Overall, I think that our future path will be very much guided by the Blueprint for the financial services sector, as presented last year which, besides cross-border investment, highlighted the clear potential for growth in the areas of crossborder corporate banking as well as private banking and wealth management, with the latter of particular interest in view of the rapid increase in High Net Worth Individuals in Asia, for example.
What are the challenges for 2019?
The industry has made a lot of progress in 2018, with important reforms introduced in the global business sector, which now give us a clear sense of direction, and we will see how things unfold over the months to come. We have collaborated a lot with the government authorities to ensure a good outcome that will allow us to maintain our competitiveness.
There will continue to be a number of international challenges to be tackled. It is good news that the Mauritian Regimes which were previously regarded as harmful, have now been cleared by the OECD’s Forum of Harmful Tax Practices, together with the new partial exemption regime. We will need to look at the extension of the partial exemption to other categories of income, to make sure that others are not more competitive than we are.
Mauritius has also not been included in the tax blacklist of the Netherlands, and we are hopeful that the EU’s next report looking at tax practices in third world countries, which is due at the end of first quarter 2019, will recognise the effort and commitments that Mauritius has made, and the changes introduced.
«Indirectly, the economy as a whole has benefitted from the rise of the financial services sector.»
In terms of the Anti-Money Laundering framework, necessary amendments were brought by the Finance Act and FIAMLA Regulations and National Risk Assessment exercise is currently underway. We are hopeful that we will have a positive re-rating by ESAAMLG in April 2019.
We are also confident that the new substance criteria introduced in our new global business regime will create additional employment opportunities, so that will be a positive outcome.

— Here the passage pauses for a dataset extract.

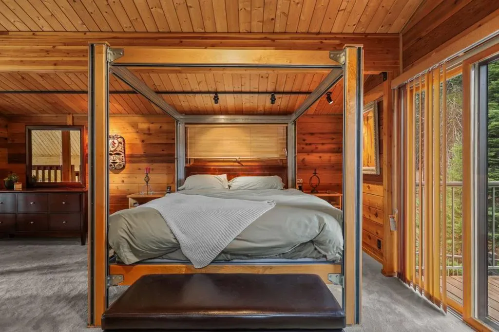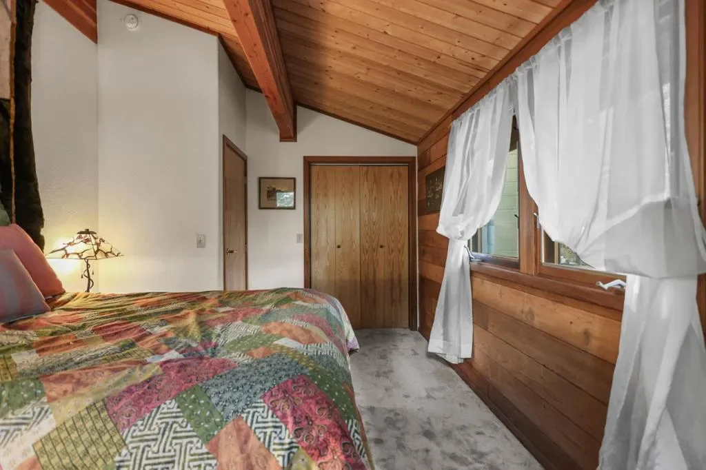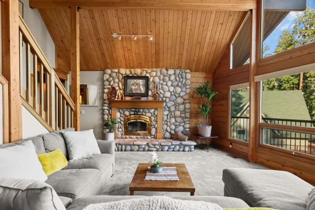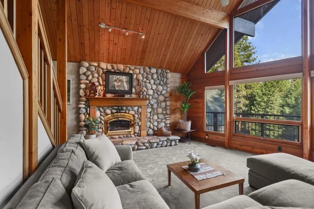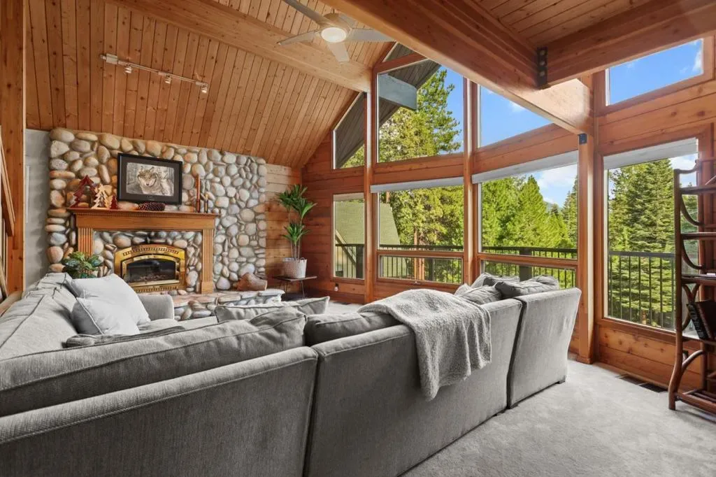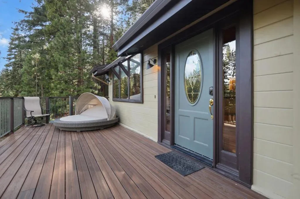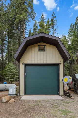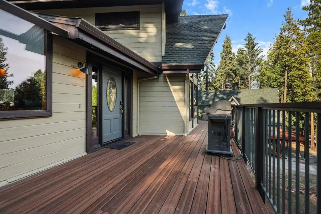 A stunning, entertainer’s delight with peek-a-boo views of the lake: 4 bedroom, 3 bath custom Lindal cedar home in Lake Almanor Country Club. A spacious open beam, open concept layout with oak hardwood floors in the main living area. Cozy up to a warm fire in the cast stone fireplace in the living room with floor-to-ceiling windows. Chef’s kitchen features granite countertops, a gas stovetop, and a breakfast bar. The dining area is perfect for hosting large sit-down dinners and under bright atrium windows. On the other side is a family room and laundry/mud room. An expansive,984 sf, composite deck off the kitchen and family room and is level with parking area for convenient unloading of groceries. The 500 sf deck in the front of the house ends with a whimsical spiral staircase to access the outdoor space below. Primary loft suite retreat includes a private balcony deck, 2 bedrooms on the main floor, plus a ground-floor ensuite bedroom with patio access, outdoor shower and a 4-person, barrel sauna for ultimate relaxation. Amenities: separate one-car garage building, a Generac generator with its own dedicated propane tank, and an EV hookup in the 2-car attached garage. Large level lot above house with possibilities – a family compound, add a guest house, workshop – up to you.

Reputation is a key issue for the Mauritius International Financial Centre and we need to project a distinct brand so people know what Mauritius stands for, particularly at a time when some of our initial competitive advantages have been eroded. We understand that the Economic Development Board will be leading a branding exercise for the Mauritius IFC which will be important for ensuring our visibility on the international stage. Furthermore, we need to ensure that the Blueprint for the financial sector is effectively implemented and the industry stands ready to help.